▶ **YOUR GOAL**
Nothing but the images should be left out when the entries are restated word for word.

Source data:

────────────────────────────────────────

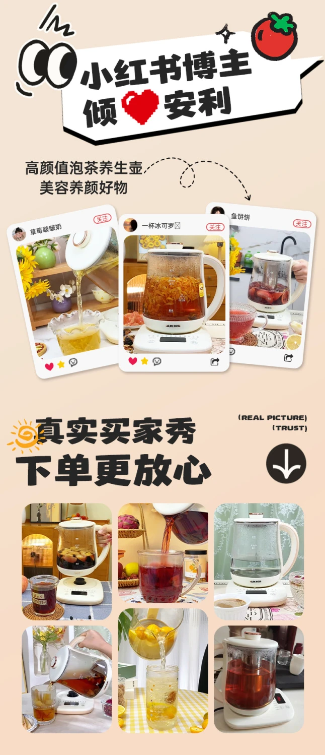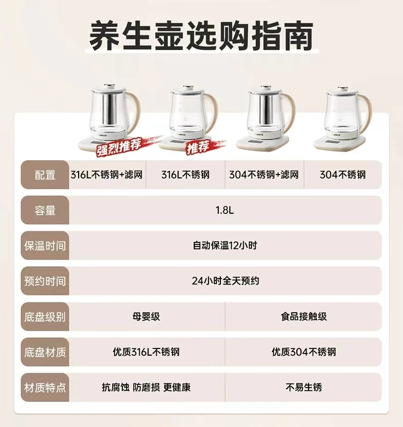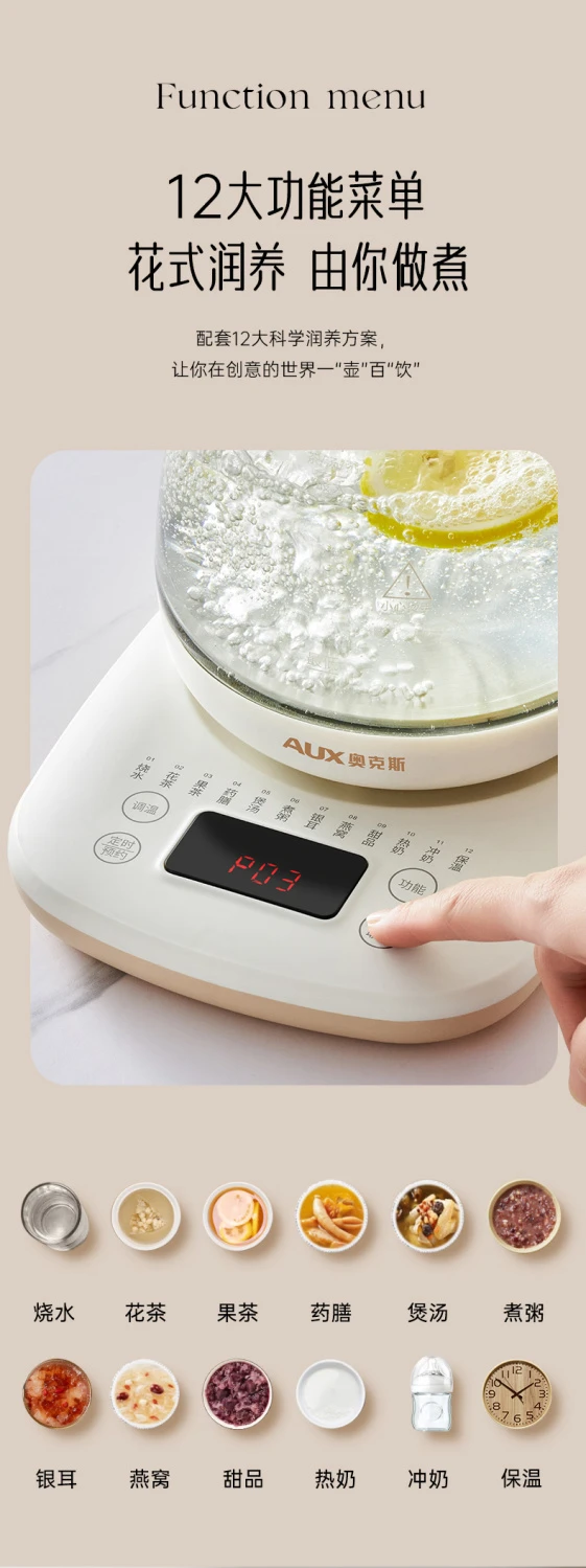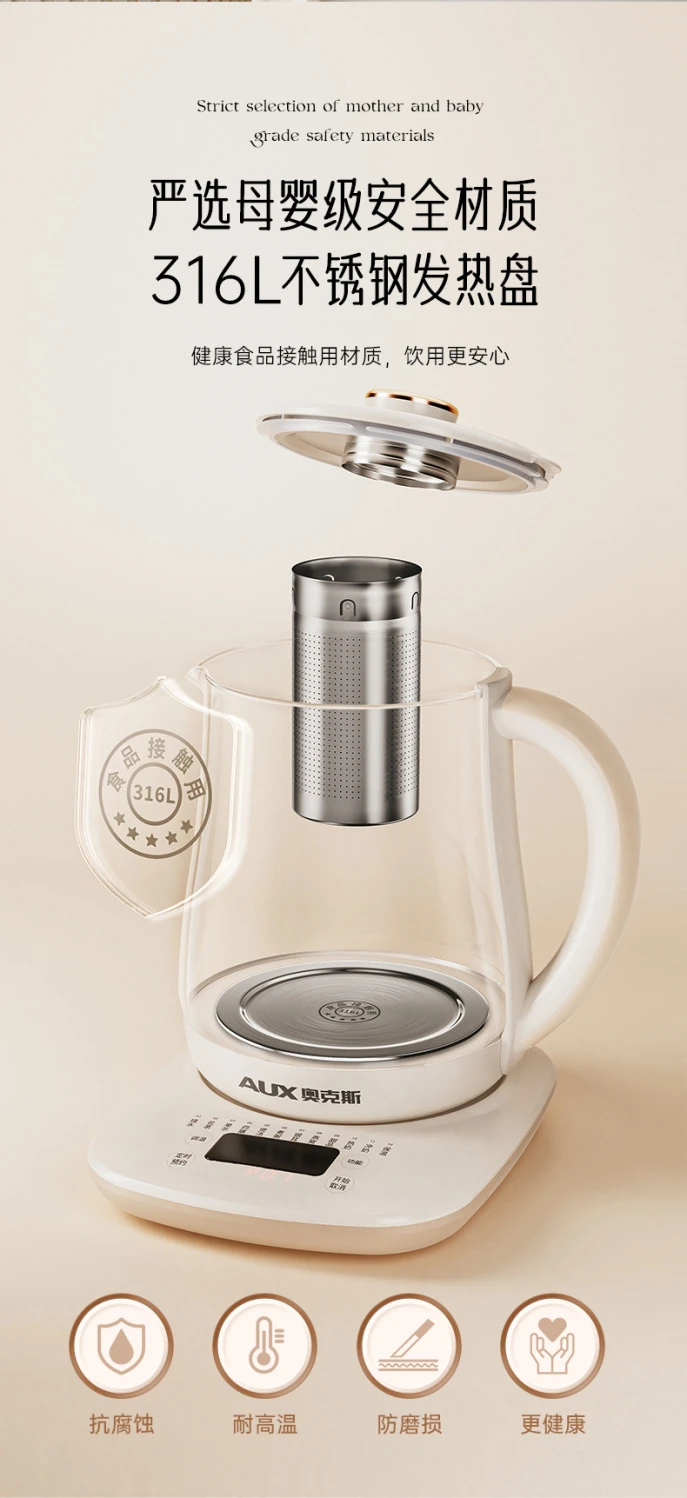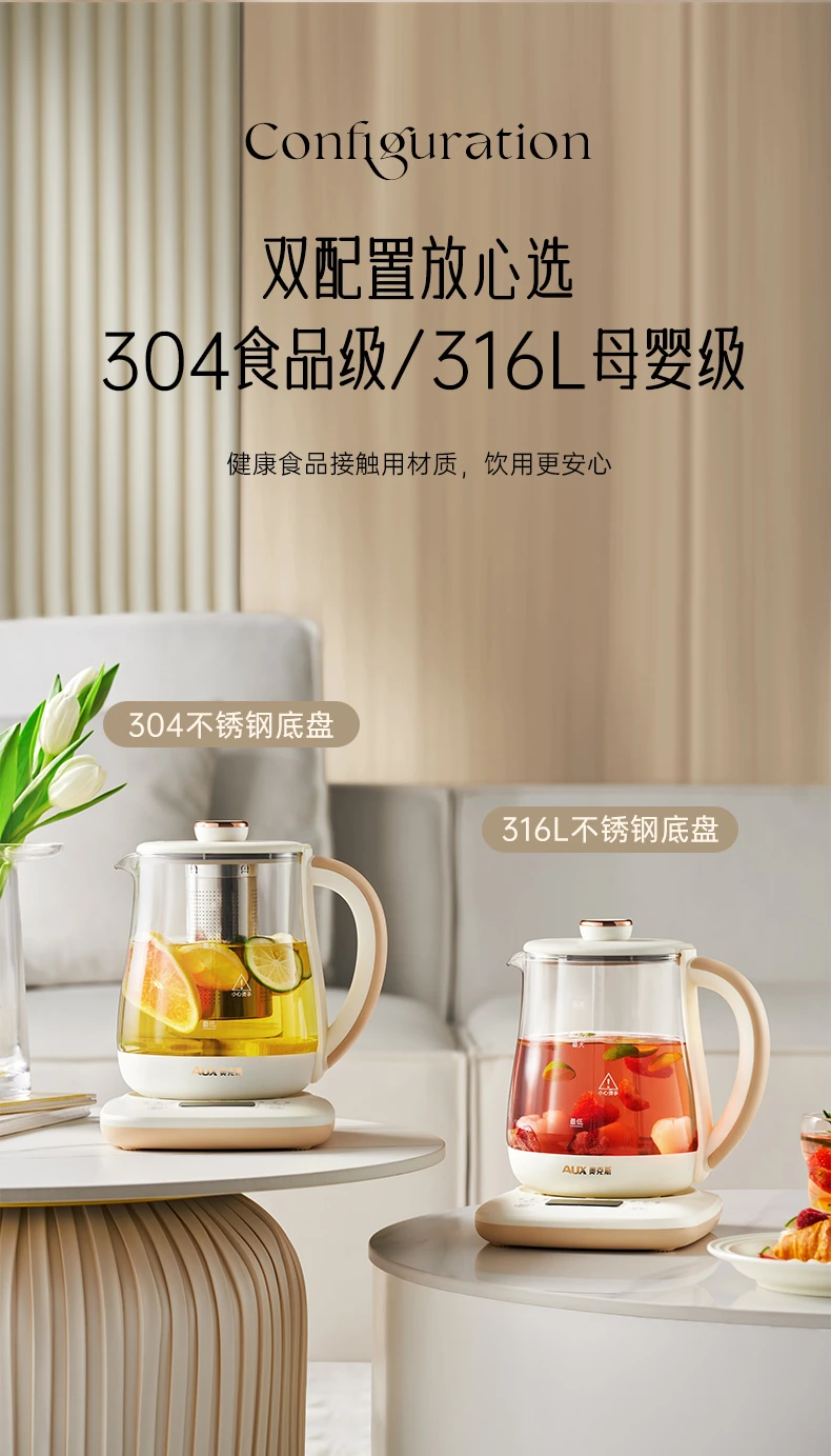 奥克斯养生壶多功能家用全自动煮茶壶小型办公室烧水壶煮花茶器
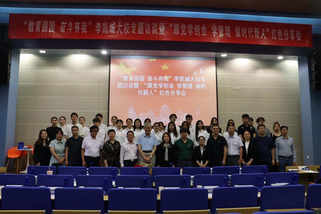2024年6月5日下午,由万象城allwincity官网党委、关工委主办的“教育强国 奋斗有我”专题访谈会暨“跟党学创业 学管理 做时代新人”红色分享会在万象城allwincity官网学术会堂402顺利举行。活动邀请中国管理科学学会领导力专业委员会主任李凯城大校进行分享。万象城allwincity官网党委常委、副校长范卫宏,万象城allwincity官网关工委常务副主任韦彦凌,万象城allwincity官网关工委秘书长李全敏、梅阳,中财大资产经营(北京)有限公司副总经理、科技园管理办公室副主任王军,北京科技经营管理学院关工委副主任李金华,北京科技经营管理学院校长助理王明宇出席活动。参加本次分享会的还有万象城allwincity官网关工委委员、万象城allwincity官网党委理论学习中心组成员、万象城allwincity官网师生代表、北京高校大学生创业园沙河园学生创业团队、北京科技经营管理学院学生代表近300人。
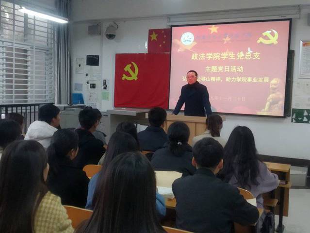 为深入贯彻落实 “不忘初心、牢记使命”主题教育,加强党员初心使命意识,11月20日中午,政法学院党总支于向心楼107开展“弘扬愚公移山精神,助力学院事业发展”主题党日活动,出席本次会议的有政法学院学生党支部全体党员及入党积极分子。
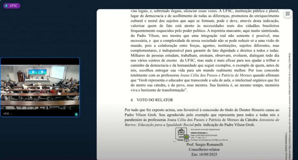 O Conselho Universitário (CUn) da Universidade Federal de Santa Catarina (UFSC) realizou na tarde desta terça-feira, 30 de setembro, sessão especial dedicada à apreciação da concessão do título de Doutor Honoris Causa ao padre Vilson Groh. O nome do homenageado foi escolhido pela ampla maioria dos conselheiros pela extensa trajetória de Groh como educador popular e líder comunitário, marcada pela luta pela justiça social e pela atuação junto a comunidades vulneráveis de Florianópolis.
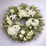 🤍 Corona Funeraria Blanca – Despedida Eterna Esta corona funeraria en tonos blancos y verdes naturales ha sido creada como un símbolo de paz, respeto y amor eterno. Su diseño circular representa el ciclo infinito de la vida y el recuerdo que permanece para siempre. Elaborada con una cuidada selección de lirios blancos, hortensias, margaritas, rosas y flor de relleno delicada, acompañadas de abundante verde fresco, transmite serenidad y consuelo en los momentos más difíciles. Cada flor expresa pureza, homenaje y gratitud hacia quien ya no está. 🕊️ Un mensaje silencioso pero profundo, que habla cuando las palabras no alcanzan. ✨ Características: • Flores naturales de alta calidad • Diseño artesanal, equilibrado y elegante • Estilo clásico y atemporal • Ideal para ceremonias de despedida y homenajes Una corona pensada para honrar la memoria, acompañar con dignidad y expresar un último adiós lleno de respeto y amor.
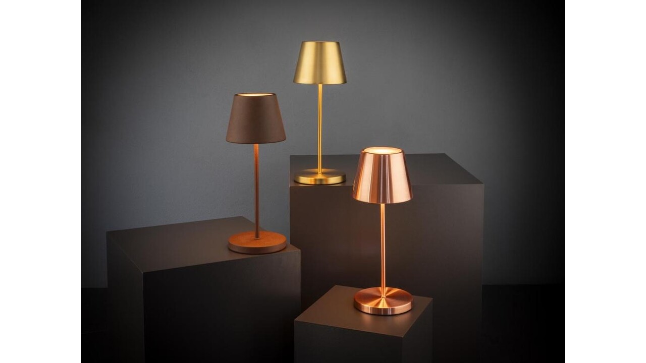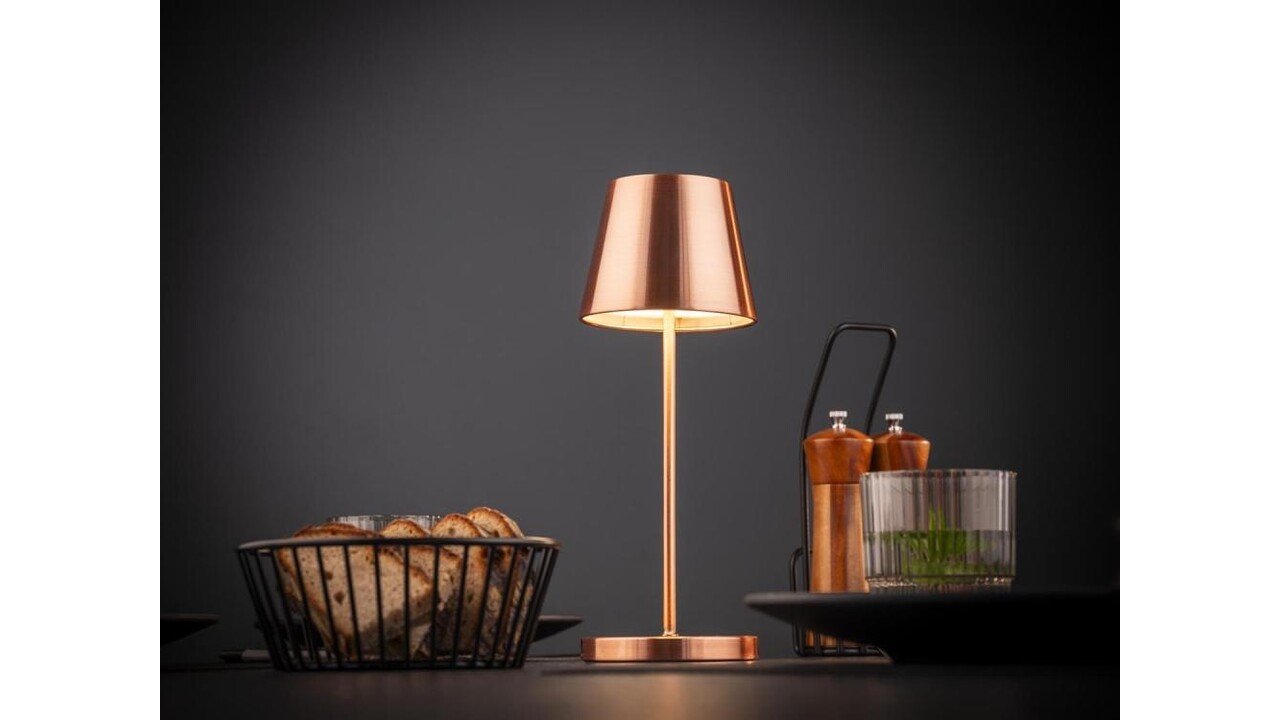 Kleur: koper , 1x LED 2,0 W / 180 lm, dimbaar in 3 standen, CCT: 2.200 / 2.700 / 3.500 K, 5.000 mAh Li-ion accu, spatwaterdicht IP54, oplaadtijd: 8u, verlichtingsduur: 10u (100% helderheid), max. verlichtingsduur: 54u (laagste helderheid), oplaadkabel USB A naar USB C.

────────────────────────────────────────

▶ **SOLUTION FOR THIS EXERCISE**
 奥克斯养生壶多功能家用全自动煮茶壶小型办公室烧水壶煮花茶器
2024年6月5日下午,由万象城allwincity官网党委、关工委主办的“教育强国 奋斗有我”专题访谈会暨“跟党学创业 学管理 做时代新人”红色分享会在万象城allwincity官网学术会堂402顺利举行。活动邀请中国管理科学学会领导力专业委员会主任李凯城大校进行分享。万象城allwincity官网党委常委、副校长范卫宏,万象城allwincity官网关工委常务副主任韦彦凌,万象城allwincity官网关工委秘书长李全敏、梅阳,中财大资产经营(北京)有限公司副总经理、科技园管理办公室副主任王军,北京科技经营管理学院关工委副主任李金华,北京科技经营管理学院校长助理王明宇出席活动。参加本次分享会的还有万象城allwincity官网关工委委员、万象城allwincity官网党委理论学习中心组成员、万象城allwincity官网师生代表、北京高校大学生创业园沙河园学生创业团队、北京科技经营管理学院学生代表近300人。
 为深入贯彻落实 “不忘初心、牢记使命”主题教育,加强党员初心使命意识,11月20日中午,政法学院党总支于向心楼107开展“弘扬愚公移山精神,助力学院事业发展”主题党日活动,出席本次会议的有政法学院学生党支部全体党员及入党积极分子。
 O Conselho Universitário (CUn) da Universidade Federal de Santa Catarina (UFSC) realizou na tarde desta terça-feira, 30 de setembro, sessão especial dedicada à apreciação da concessão do título de Doutor Honoris Causa ao padre Vilson Groh. O nome do homenageado foi escolhido pela ampla maioria dos conselheiros pela extensa trajetória de Groh como educador popular e líder comunitário, marcada pela luta pela justiça social e pela atuação junto a comunidades vulneráveis de Florianópolis.
 🤍 Corona Funeraria Blanca – Despedida Eterna Esta corona funeraria en tonos blancos y verdes naturales ha sido creada como un símbolo de paz, respeto y amor eterno. Su diseño circular representa el ciclo infinito de la vida y el recuerdo que permanece para siempre. Elaborada con una cuidada selección de lirios blancos, hortensias, margaritas, rosas y flor de relleno delicada, acompañadas de abundante verde fresco, transmite serenidad y consuelo en los momentos más difíciles. Cada flor expresa pureza, homenaje y gratitud hacia quien ya no está. 🕊️ Un mensaje silencioso pero profundo, que habla cuando las palabras no alcanzan. ✨ Características: • Flores naturales de alta calidad • Diseño artesanal, equilibrado y elegante • Estilo clásico y atemporal • Ideal para ceremonias de despedida y homenajes Una corona pensada para honrar la memoria, acompañar con dignidad y expresar un último adiós lleno de respeto y amor.
 Kleur: koper , 1x LED 2,0 W / 180 lm, dimbaar in 3 standen, CCT: 2.200 / 2.700 / 3.500 K, 5.000 mAh Li-ion accu, spatwaterdicht IP54, oplaadtijd: 8u, verlichtingsduur: 10u (100% helderheid), max. verlichtingsduur: 54u (laagste helderheid), oplaadkabel USB A naar USB C.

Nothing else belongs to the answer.